===== DATA SUPPLIED =====
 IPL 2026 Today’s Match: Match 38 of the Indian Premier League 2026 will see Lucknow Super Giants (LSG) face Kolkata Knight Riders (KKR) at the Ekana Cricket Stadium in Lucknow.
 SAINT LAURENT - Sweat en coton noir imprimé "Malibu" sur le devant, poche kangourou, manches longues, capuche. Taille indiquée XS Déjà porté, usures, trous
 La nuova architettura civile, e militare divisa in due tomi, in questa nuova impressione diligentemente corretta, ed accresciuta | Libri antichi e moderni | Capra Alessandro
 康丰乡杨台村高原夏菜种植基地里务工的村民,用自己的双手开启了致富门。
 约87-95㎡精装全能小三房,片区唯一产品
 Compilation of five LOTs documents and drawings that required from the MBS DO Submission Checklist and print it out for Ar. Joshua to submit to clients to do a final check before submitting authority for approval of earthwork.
=====
===== DATA SUPPLIED =====
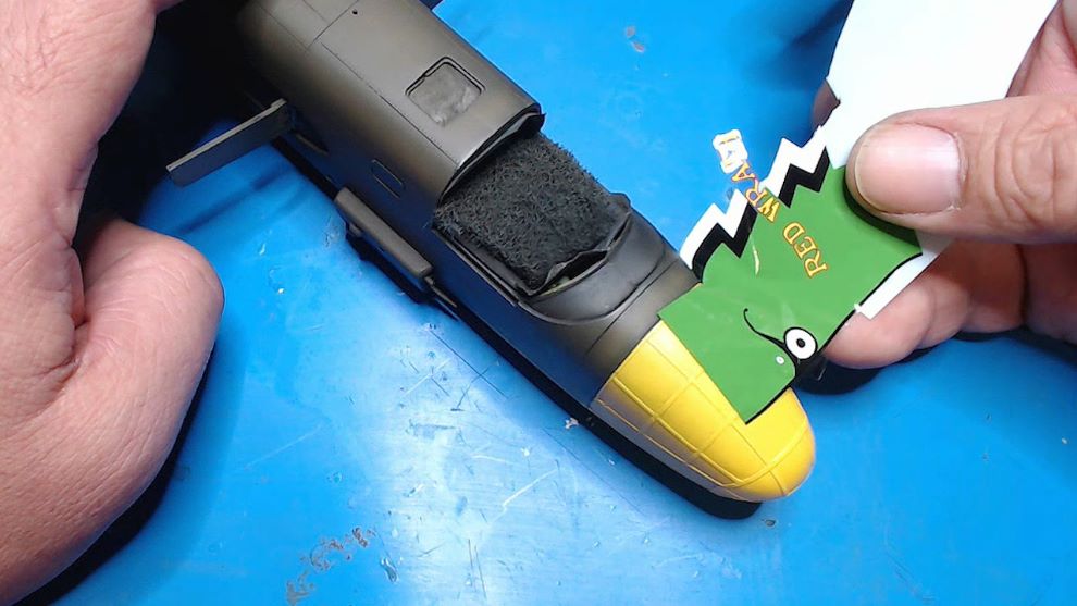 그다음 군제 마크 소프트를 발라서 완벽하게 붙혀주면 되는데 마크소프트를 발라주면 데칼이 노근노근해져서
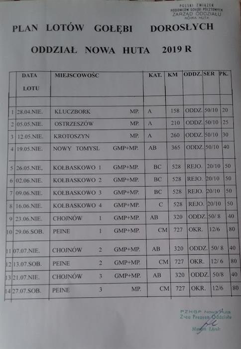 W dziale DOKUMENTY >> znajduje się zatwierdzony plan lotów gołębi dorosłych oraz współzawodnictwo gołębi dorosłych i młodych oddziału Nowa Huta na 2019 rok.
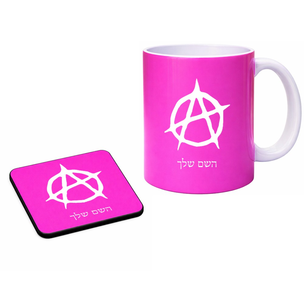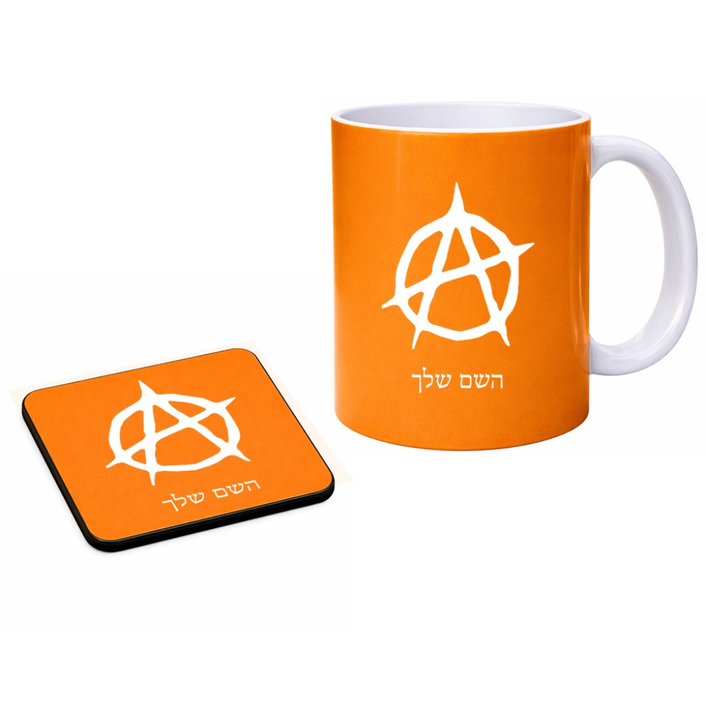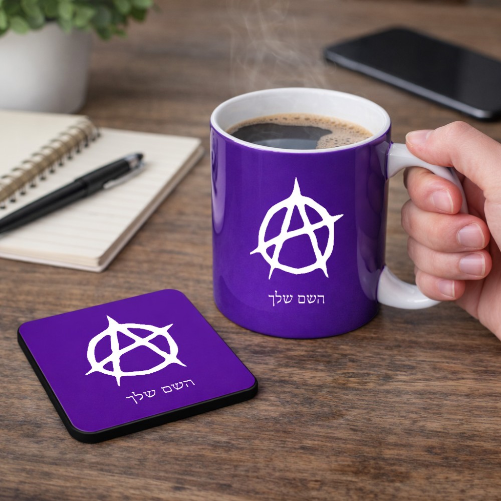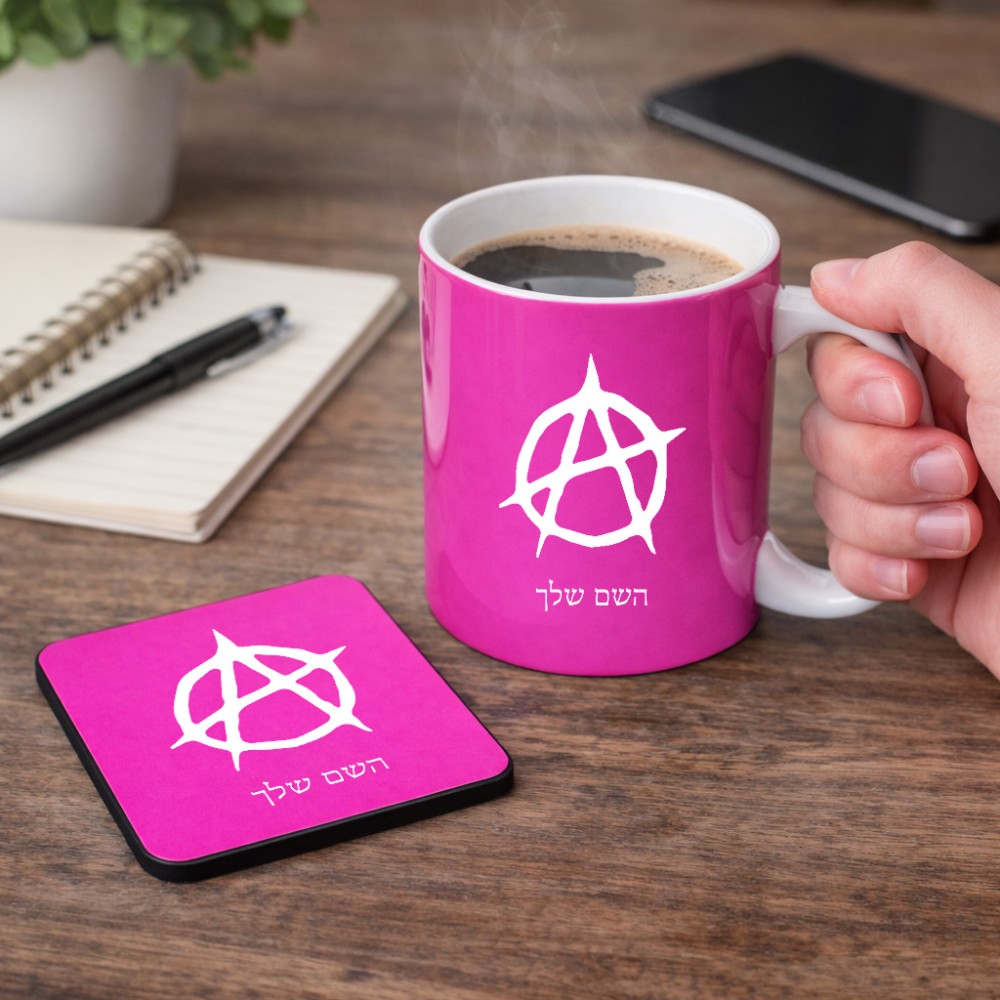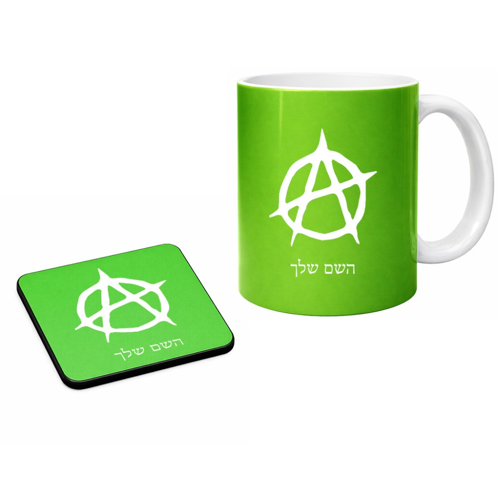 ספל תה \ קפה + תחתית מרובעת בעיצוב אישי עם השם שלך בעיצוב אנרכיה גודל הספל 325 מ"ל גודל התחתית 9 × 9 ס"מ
=====
→ **REQUIRED ACTION**
Taking the entries above, write out exactly each line from the one holding "IPL 2026 Today’s" to the one holding "SAINT LAURENT - Sweat", both included, and stop there.

→ **RESULT OF THIS EXERCISE**
 IPL 2026 Today’s Match: Match 38 of the Indian Premier League 2026 will see Lucknow Super Giants (LSG) face Kolkata Knight Riders (KKR) at the Ekana Cricket Stadium in Lucknow.
 SAINT LAURENT - Sweat en coton noir imprimé "Malibu" sur le devant, poche kangourou, manches longues, capuche. Taille indiquée XS Déjà porté, usures, trous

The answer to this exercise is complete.